Solemne Besamanos a María Stma. de Araceli. Foto: paseillo.es.

Centenares de fieles veneran a María Santísima de Araceli en el multitudinario besamanos celebrado en San Mateo

La parroquia de San Mateo acogió durante dos jornadas uno de los cultos más multitudinarios y emotivos dedicados a la Patrona de Lucena.

11 de Mayo del 2026

La Real Archicofradía de María Santísima de Araceli ha celebrado durante los días 9 y 10 de mayo el solemne besamanos en honor a la Patrona de Lucena, uno de los actos de mayor fervor y arraigo devocional de cuantos conforman la estancia de la Virgen en la ciudad. Desde primeras horas de la mañana y hasta las diez de la noche, centenares de lucentinos y devotos han pasado por la parroquia de San Mateo para postrarse ante la Madre de Araceli y besar su mano.

El templo mayor de la ciudad presentaba un montaje de extraordinaria solemnidad en el crucero catedralicio, presidido por la sagrada imagen de María Santísima de Araceli descendida de su trono para encontrarse con sus fieles. La composición del besamanos estaba cuidadosamente dispuesta, realzando la majestuosidad de la Patrona.

La Virgen aparecía entronizada ante el altar mayor de San Mateo luciendo el histórico terno rojo bordado en 1896 por el taller sevillano de Silva, una de las piezas más emblemáticas de su ajuar. Décadas más tarde, en los años setenta del pasado siglo, el conjunto sería intervenido por el convento hispalense de Santa Isabel, donde los bordados fueron trasladados a un nuevo terciopelo del mismo color, ampliándose además las dimensiones del manto e incorporándose el escudo de Lucena.
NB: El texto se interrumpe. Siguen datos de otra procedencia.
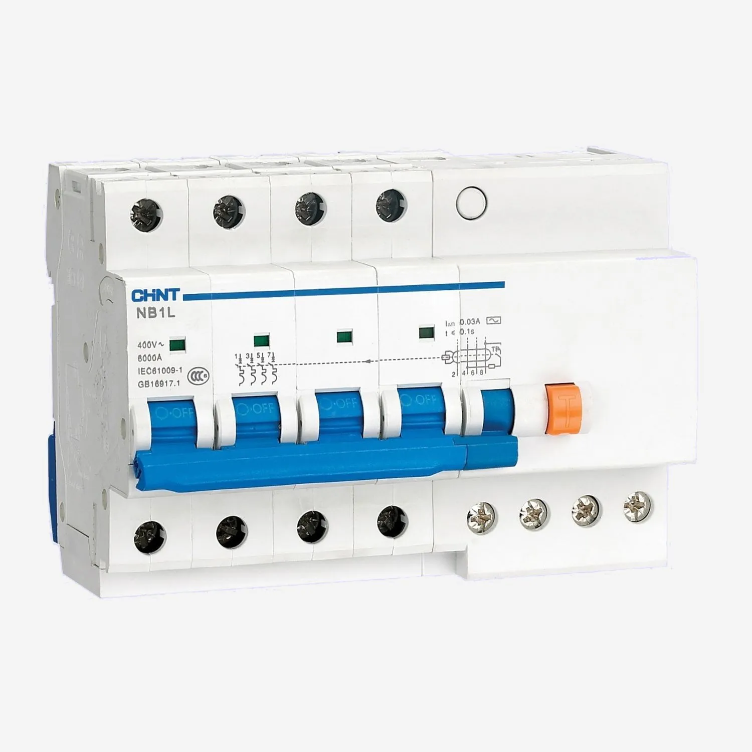 NB1L — премиальные дифференциальные автоматы Chint, дополняющие серию автоматических выключателей NB1. В серию входят однофазные и трёхфазные устройства с номинальным током от 6 до 63А с кривыми B, C, чувствительностью от 30 до 300мА и классами A, AC. Для серии NB2LE подходят все расцепители и дополнительные контакты серии NB1.
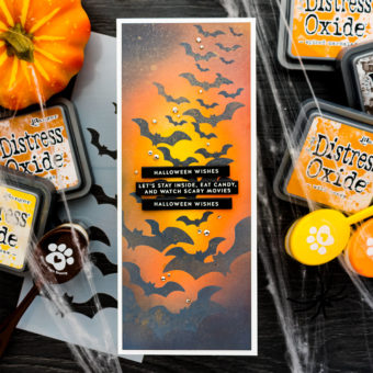 - Trim panel to 2 2/4″ x 5 3/4″. Stamp sentiment in VersaFine Onyx Black ink. Set aside
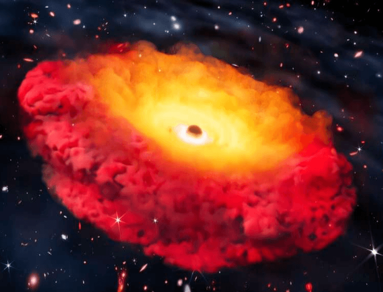 La galaxia recién descubierta también podría ayudar a comprender la causa del distintivo color rojo de los Puntos Rojos. Esto podría deberse a una densa nube de gas que rodea el agujero negro, distorsionando su luz hacia longitudes de onda más rojas al atravesarlo.

El conjunto se completaba con los amplios puños de encaje ceñidos con manillas de perlas finas, las numerosas joyas entregadas durante siglos por fieles agradecidos a su intercesión, la Medalla de Oro de la ciudad, la vara de regir de carey con empuñadura y regatón de oro y las coronas de la Coronación Canónica junto al singular rostrillo dieciochesco de rocallas y pedrería.

Durante ambas jornadas, el flujo de fieles fue constante e ininterrumpido, convirtiendo nuevamente este culto en una de las manifestaciones de fe más intensas y emotivas que vive Lucena cada año. Familias enteras, personas mayores, jóvenes y visitantes aguardaron pacientemente para acercarse hasta la Santísima Virgen en un ambiente marcado por la devoción aracelitana.

El besamanos únicamente se vio interrumpido por la celebración de la Santa Misa y de la solemne novena que la Real Archicofradía viene celebrando en honor de María Santísima de Araceli y que concluirá este martes 12 de mayo.